I already mentioned that none of these GPU, DPU or CPU developments were targeting PCs or consoles, but specifically the Grace CPU is aimed at data centres. In this segment, Nvidia says that a Grace-based system will "deliver 10x faster performance than today’s state-of-the-art NVIDIA DGX-based systems," which run on x86 CPUs.

Grace has the following key features:

  • Next-gen Arm Neoverse core design
  • NVLink 4.0 CPU-to-GPU bandwidth >900GB/s
  • NVLink 4.0 CPU-to-CPU bandwidth >600GB/s
  • LPDDR5x for >500GB/s
  • shared CPU/GPU module

It is too early for Nvidia to provide CPU design specifics such as core counts and clocks but from the renders shared it looks like Grace will feature approx 80 CPU cores. Grace already has some significant supercomputer design wins.
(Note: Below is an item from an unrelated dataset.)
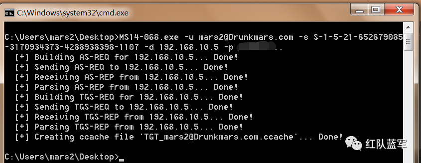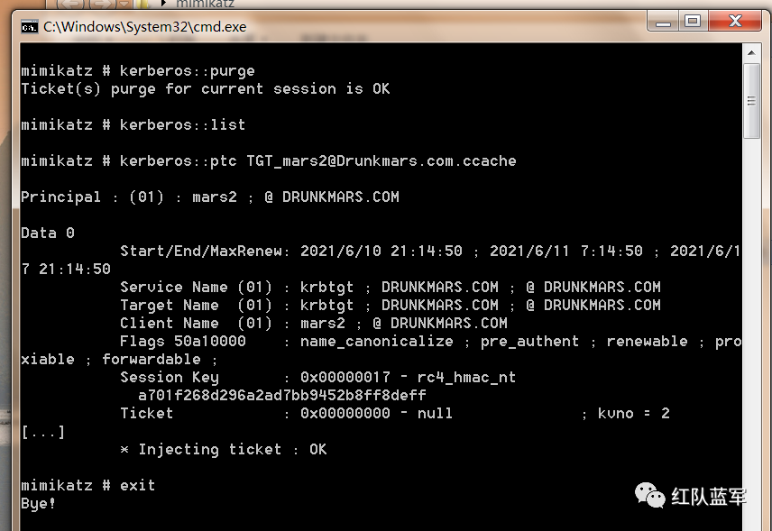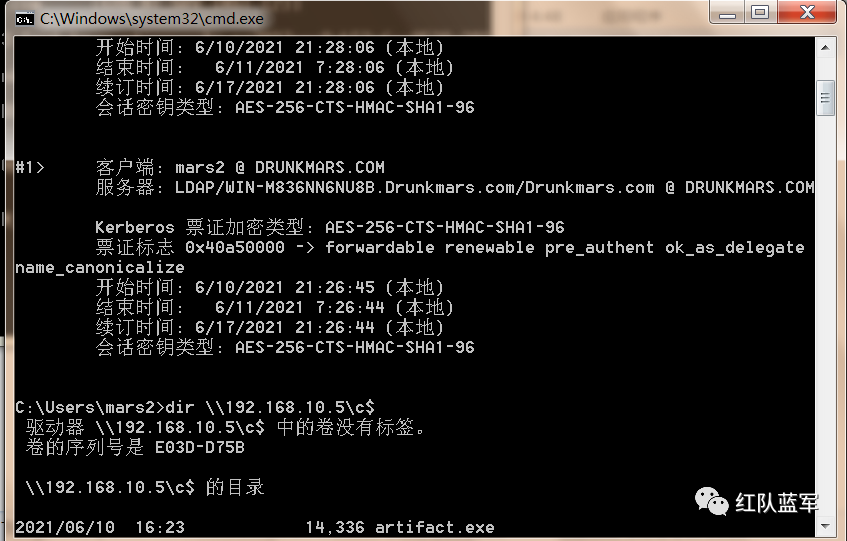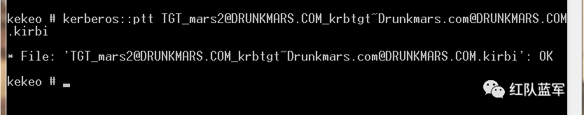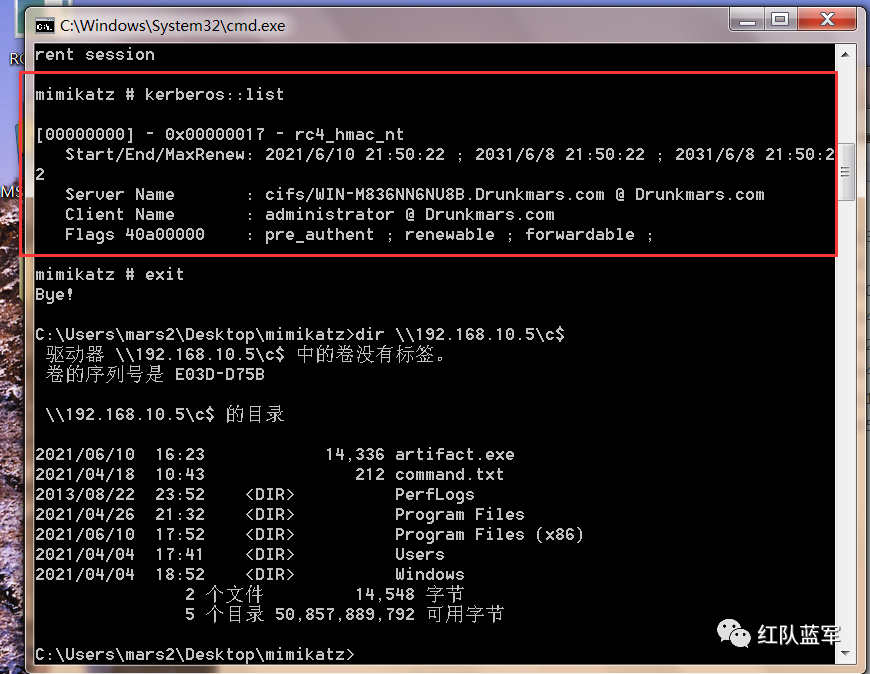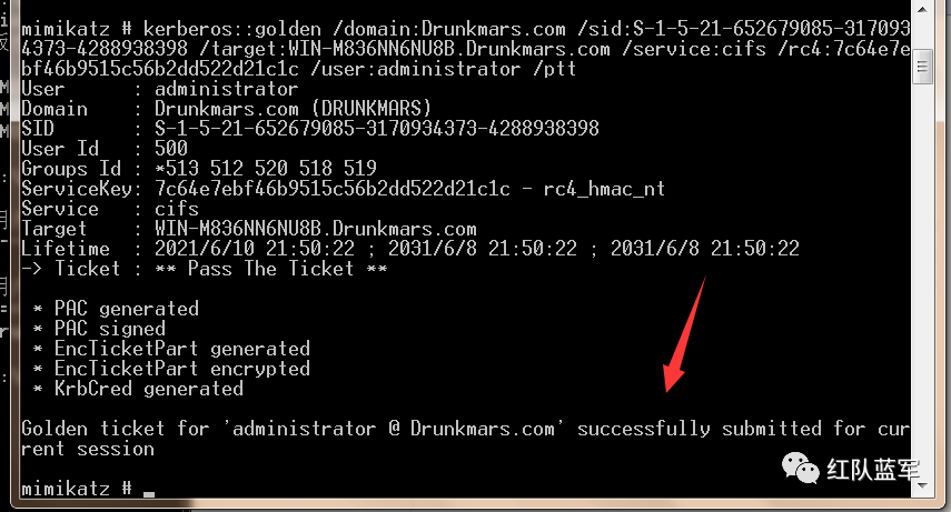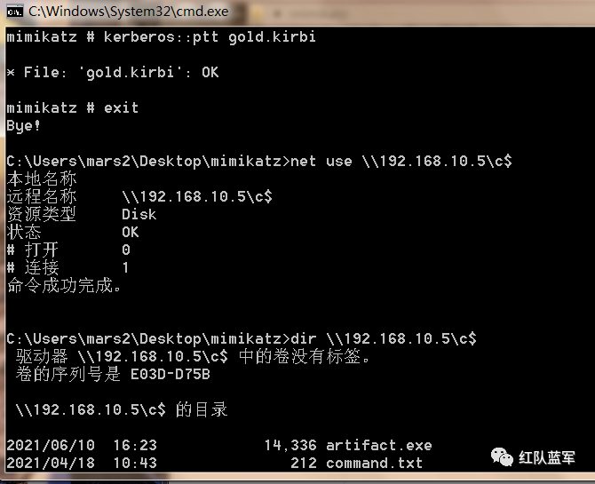 使用mimikatz将收据插入当前的内存,并伪造证书。如果成功,拥有域名管理权限,可以随意访问所有域名中的机器
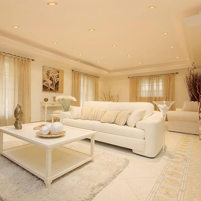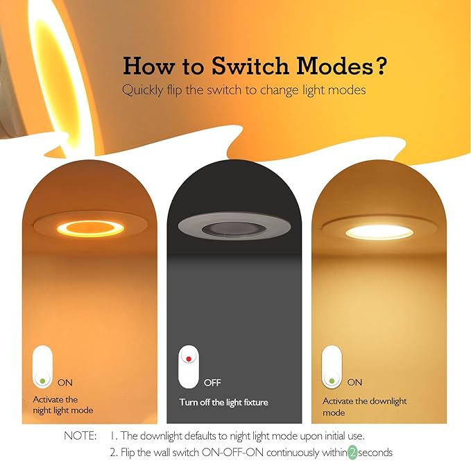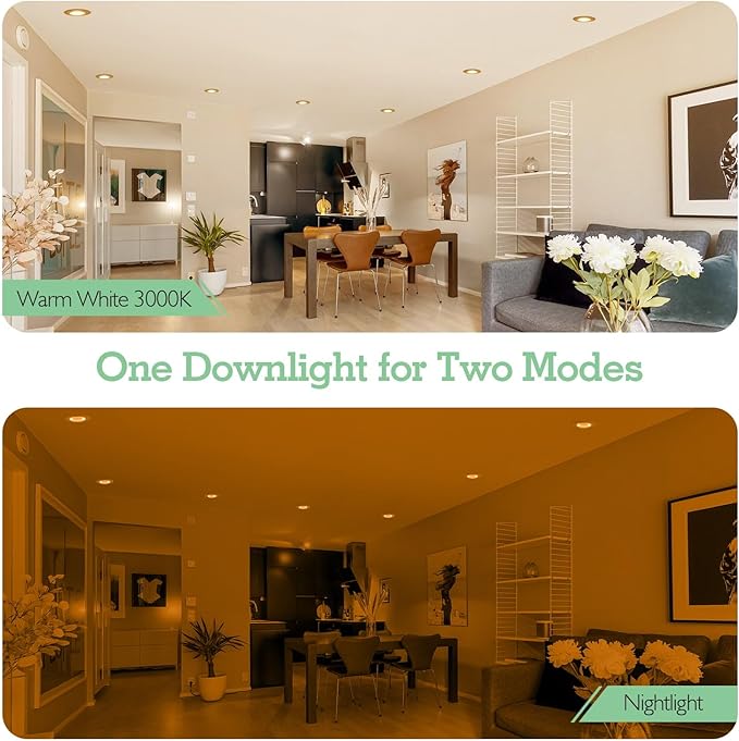 - Night Light Feature-Two Modes In One: The 6 inch recessed lighting with night light features two modes,switch effortlessly between 3000K Downlight Mode and 2000K Night Light Mode using a standard wall switch.The night mode emits 2000K soft glows around the trim of the downlight for creating a warm and soft ambience

Grace-Next cores will not just be data centre bound but will feature in the impressive upcoming Nvidia Drive Atlan SoC, pictured below. This powerful processor is likened to a "data centre on wheels," and folds a vehicle's entire compute infrastructure into a single SoC.

The image above gives you an overview of the Atlan SoC's components and this next-gen platform is touted to "achieve an unprecedented 1,000 trillion operations per second (TOPS) of performance and an estimated SPECint score of more than 100 (SPECrate2017_int)," which is said to be "greater than the total compute in most robotaxis today".

Nvidia's last CPU family, the Tegra, found a way into various consoles, tablets and other smart devices. One wonders what future consumer gems will feature Grace, or Grace-Next.